Jonathin’s interest in the game piqued when he was 6 years old. His mother Katie took him to an adaptive sports expo where the wheelchair basketball coach allowed him to give the game a try. “I took a shot and I told my mom that I really wanted to play,” says Jonathin.

“He wasn’t very good at first,” says Katie. “But he kept at it and he’s doing really good now.” This will be Jonathin’s fourth season with the RHI Junior Racers, a wheelchair basketball team.

Jonathin Perez

Jonathin plays other sports as well. He plays adaptive tennis and likes baseball, too.

When he was 4 years old, Jonathin began experiencing flu-like symptoms and leg pain. His condition worsened quickly, and his doctor sent him to Riley Children’s Health. A team of specialists diagnosed Jonathin with necrotizing fasciitis and sepsis. They saved his life from the raging infection. “He was on the brink of death, and we were able to pull him back from that,” says Orthopedic Surgeon Ryan Fitzgerald, M.D. “If he’d been here a couple of hours later, he probably would have died.” Doctors eventually had to amputate his right leg. Jonathin spent three months at Riley and learned to walk with a prosthetic leg.

“Without them, we wouldn’t have him right now,” says Jonathin’s mother. “It’s been amazing.”

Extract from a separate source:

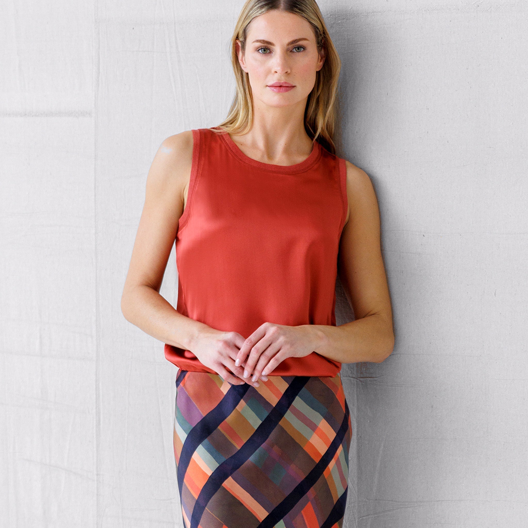 Meet your new endlessly-wearable top. We've juxtoposed rib knit trim and athletic-style stitching against sumptuous silk for a look that is pure luxe-leisure. Swap out your usual knit tank for this beauty and get an instant upgrade to your look. Sold, we'll take one every color.

Jonathin’s dad, Evodio, echoes those thoughts. “I was very grateful for everybody that cared for Jonathin in that situation. I can’t imagine where we would be without Riley. To meet the nurses, doctors and caregivers, I’m very grateful.”

Now Jonathin’s family looks forward to future games and his role as a Riley Champion. With wheelchair basketball, mastering the fundamentals has been a challenge. “At first, he was spinning in circles in the chair and was just learning how to dribble,” says Katie. “But he made his first basket last year in a game and it was pretty cool.” They’re now anticipating the opportunity to share his story as a Riley Champion and help others facing similar challenges.